Brady violations are, by their nature, hard to detect, but Judge Kozinski had no trouble coming up with more than two dozen examples from federal and state courts just in the last few years, and those are surely the tip of the iceberg. According to the National Registry of Exonerations, 43 percent of wrongful convictions are the result of official misconduct.
The Brady problem is in many ways structural. Prosecutors have the task of deciding when a piece of evidence would be helpful to the defense. But since it is their job to believe in the defendant’s guilt, they have little incentive to turn over, say, a single piece of exculpatory evidence when they are sitting on what they see as a mountain of evidence proving guilt. The lack of professional consequences for failing to disclose exculpatory evidence only makes the breach of duty more likely. As Judge Kozinski wrote, “Some prosecutors don’t care about Brady because courts don’t make them care.”
Courts should heed Judge Kozinski’s call, but it will take more than judges to fix the problem. Prosecutors’ offices should adopt a standard “open file” policy, which would involve turning over all exculpatory evidence as a rule, thus reducing the potential for error.
Fighting prosecutorial misconduct is not only about protecting the innocent. It is, as Judge Kozinski wrote, about preserving “the public’s trust in our justice system,” and the foundation of the rule of law.
I have been calling for open file reform for a long time and have never heard a good response about why we shouldn't have open files from the government.  If any current prosecutor would like to debate this issue, I will set it up with one of the local organizations.

6 comments:

Anonymous said...

But if the govt gives Brady, they may lose?

Anonymous said...

Turn over all exculpatory evidence? Isn't that what brady demands?

Anonymous said...

I know anon above was off cuff remark meant with some sarcasm? cynicism?
But it's the win/lose attitude that I think is partially to blame for the problem. The state doesn't 'lose' if someone isn't convicted.
Especially, here's a thought, if that person is actually innocent (not just not guilty.)
Justice is still served when someone charged goes through the system and is found not guilty. Justice isn't only served when someone is convicted.
A prosecutor shouldn't believe the defendant is guilty.
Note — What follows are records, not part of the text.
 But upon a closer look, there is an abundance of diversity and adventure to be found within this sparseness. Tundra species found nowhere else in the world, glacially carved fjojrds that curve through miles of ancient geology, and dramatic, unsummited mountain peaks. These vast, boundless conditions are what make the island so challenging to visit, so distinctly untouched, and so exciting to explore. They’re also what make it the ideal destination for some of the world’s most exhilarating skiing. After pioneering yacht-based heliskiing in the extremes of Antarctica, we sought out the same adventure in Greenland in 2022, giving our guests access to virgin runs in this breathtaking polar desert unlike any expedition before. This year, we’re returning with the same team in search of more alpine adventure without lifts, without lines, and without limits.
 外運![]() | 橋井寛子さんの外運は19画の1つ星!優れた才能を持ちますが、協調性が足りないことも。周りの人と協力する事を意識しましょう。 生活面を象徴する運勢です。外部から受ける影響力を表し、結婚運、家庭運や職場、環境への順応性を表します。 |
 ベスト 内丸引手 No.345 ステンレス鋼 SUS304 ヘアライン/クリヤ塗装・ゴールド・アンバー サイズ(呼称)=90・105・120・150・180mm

They should believe the evidence proves he is.

Anonymous said...

Why doesn't the FBA set up a debate between you and all the ex-U.S. Attorneys?

Anonymous said...

There is a Center for Prosecutor Integrity? Who knew!

Anonymous said...

While we're on the subject of fairness, why do nearly all criminal-defense attorneys refuse, absent a rare Court order to do so, to disclose their witness list in advance of trial? If the process is supposed to be about transparency and fairness, that should apply at least minimally, if not equally, to both sides.